Tuesday, January 26, 2010

What's shit for the goose

Some anti-feminists like to point out bad things that happen to men, in service of the delusion that this invalidates the feminist contention that women should be treated like human beings.

This is a profoundly stupid argument. If you'll excuse my fowl mouth: what's shit for the goose is also shit for the gander. If certain gender norms currently lead to acid being thrown on women's faces, the cause of equality is not served by throwing acid on men's faces. Likewise, being a jerk to women who are sexually assaulted does not suddenly become acceptable behaviour if you decide to be a jerk to men who are sexually assaulted, too.

Feminists present analysis in gendered terms because at the moment, many people invoke "because she is a woman" or "because he is a man" as a justification for the ill-treatment of human beings. Since this invocation is so widespread, and so commonly accepted, it stands to reason that attacking this bullshit gendered reasoning helps to undercut the social illusions that sustain social environments friendly to ill-treatment.

But there are kinds of ill-treatment that are all too ready to find all kinds of homes. When society hurts men in a way that it more typically reserves for hurting women, that doesn't make the wrong against women any better. It just means more people are getting hurt.

And given how lucrative it can be for companies to promote insecurity so as to peddle fake and possibly dangerous "cures" to non-existent "problems", it should be no surprise that men are increasingly being taught to hate their bodies in a way traditionally reserved primarily for women.

Make no mistake about it, men, sexual objectification shouldn't be seen as pro-you but anti-women. Objectification hurts everyone. It's pro-nastiness and anti-human. We should rejoice about the extent to which you escape it, and work to extend that comfort and confidence to women too.

The sad example of Franklin Heng, who died after undergoing liposuction, is one particularly graphic example of what can be at stake.
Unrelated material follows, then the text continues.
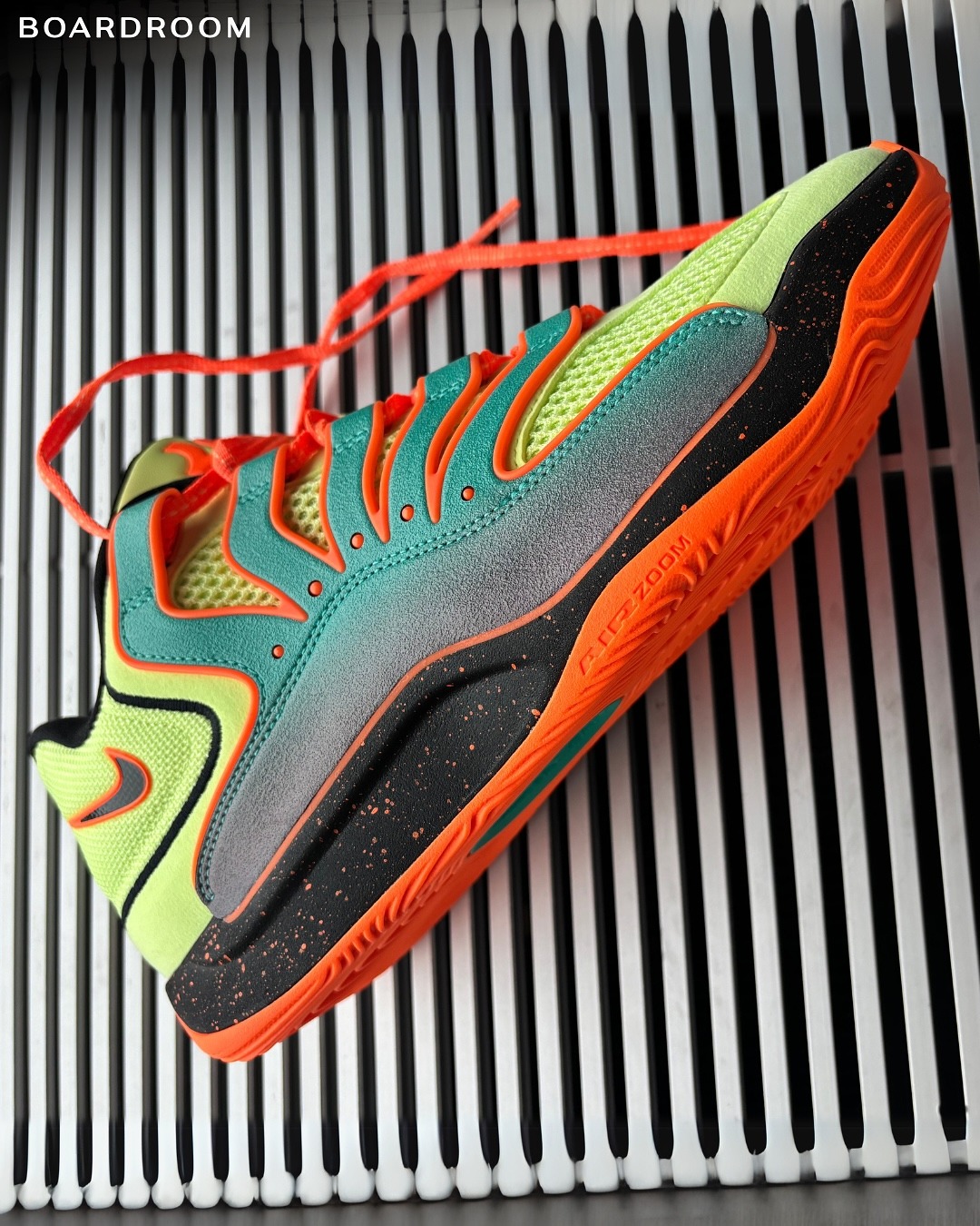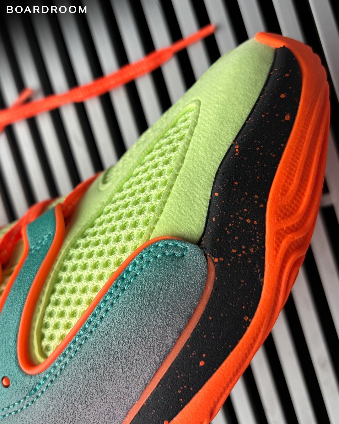 Pour ce premier coloris « Liquid Lime », on retrouve une base de vert clair « Lime » assortie d’orange et de noir. Les renforts latéraux ressortent dans un dégradé autour du vert émeraude pour compléter le tout, avec également une semelle intermédiaire en noir tacheté d’orange.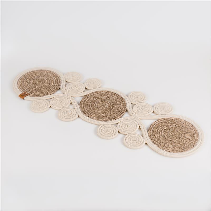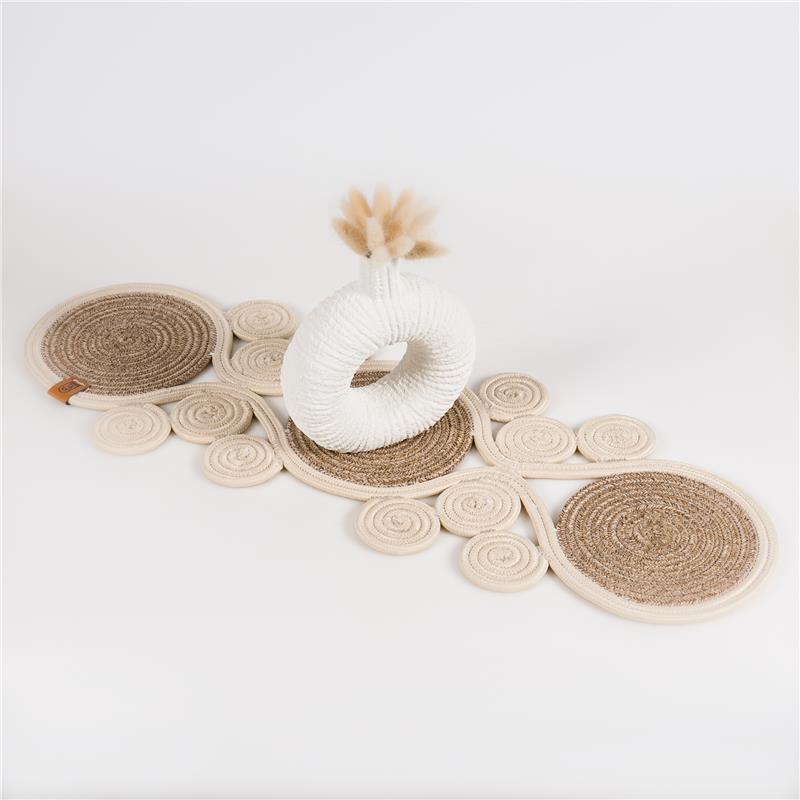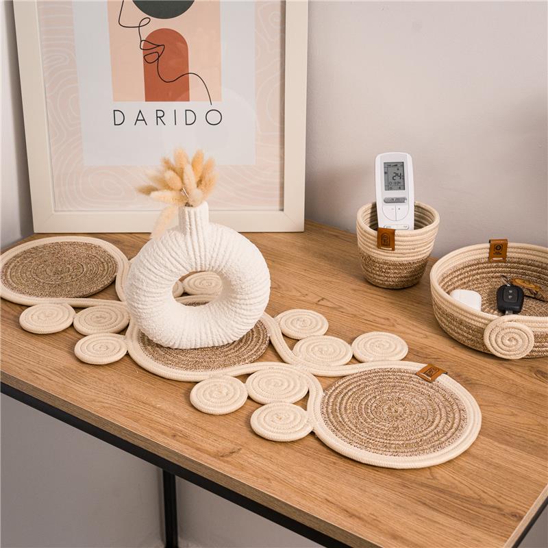 - Vase artisanal : design rond moderne, texture tressée naturelle (taille adaptée au chemin de table)

  1. "Make no mistake about it, men, sexual objectification shouldn't be seen as pro-you but anti-women."

    I suppose that was so in the past. But presently, and as seems to be increasingly the case, the sexual self-objectification of women seems to be, to some degree, purposed for the subjugation of men - especially amongst the chinese whom are generally appealed to 'face-value'.

    Haven't you noticed how so-called 'sexy' or 'beautiful' women frequently pick 'goondus' for boyfriends? When we take into account the overarching and hierarchical need for 'control' in chinese societies, the 'sexual objectification' of women might just very well be for the purpose of dominating (chinese) men.

    That said, I'm certainly with you on 'overeasy's' sexploitation. However, when considered together with the above, it becomes a paradoxical situation where the end-result sees what seems to be the weaker (male)sex amongst the chinese tethered and compliant.

  2. You are talking about heterosexual relationships in which one partner (the woman) is expected or required to do vast amounts of work (as well as spend time and money) in order to maintain conformity to beauty norms, but the other partner (the man) is not. The idea that the man is being "dominated", "tethered" or "compliant" in this scenario makes no sense.

    I don't think you understand the meaning of the word "objectification" at all. Please start reading here and here and keep reading.

  3. ed: Honestly, you are the poster boy for cramming as many stereotypes and generalizations into a comment as possible.

    While this is quite a talent, the painting of entire populations with a broad unflattering brush is the kind of thing we're working against here at the Barn.

    Just thought you might need that pointed out.

  4. MC, I take your point, of course, but is it true that objectification hurts "everyone"? Every inequality serves *someone*; in this case, doesn't it serve those men who would quite like women to continue to be socialised into pegging their right to exist to their attractiveness, and who are fortunate enough not to feel analogous pressures themselves?

  5. I agree, Nicholas. I would add that capitalists who profit, too, benefit in some way. But your specific example is a perpetually difficult matter for me.

    I believe that although this inequality (like many others) advantages men over women, it nevertheless hurts men, because the social attitudes promulgated prevent those men from ever seeking and enjoying the fulfillment of authentic and egalitarian relationships with women. I think women, like all humans, have a lot to offer on this score, so the men are missing out.

    Sometimes I think of sexism as like a crappy script for a play, where some may get better roles than others and all the attendant perks; and indeed they get the immense security of knowing, beforehand, and with a large degree of certainty, that the plum job is always theirs. But everyone is worse off from being made to act in this shit to begin with; and the thing that objectification is meant to stave off for these men, the alarming possibility of being judged and never being found desirable enough in their own right, is in fact always lurking, still, in this avoidance of mutual, genuine vulnerability.

    However, perhaps this is a trick of perspective. I am not always able to sustain this happy hope, and sometimes do find myself wondering if I am attributing needless psychological depths to the drive for power.

    Alas, I am Magical but not free from internal conflict.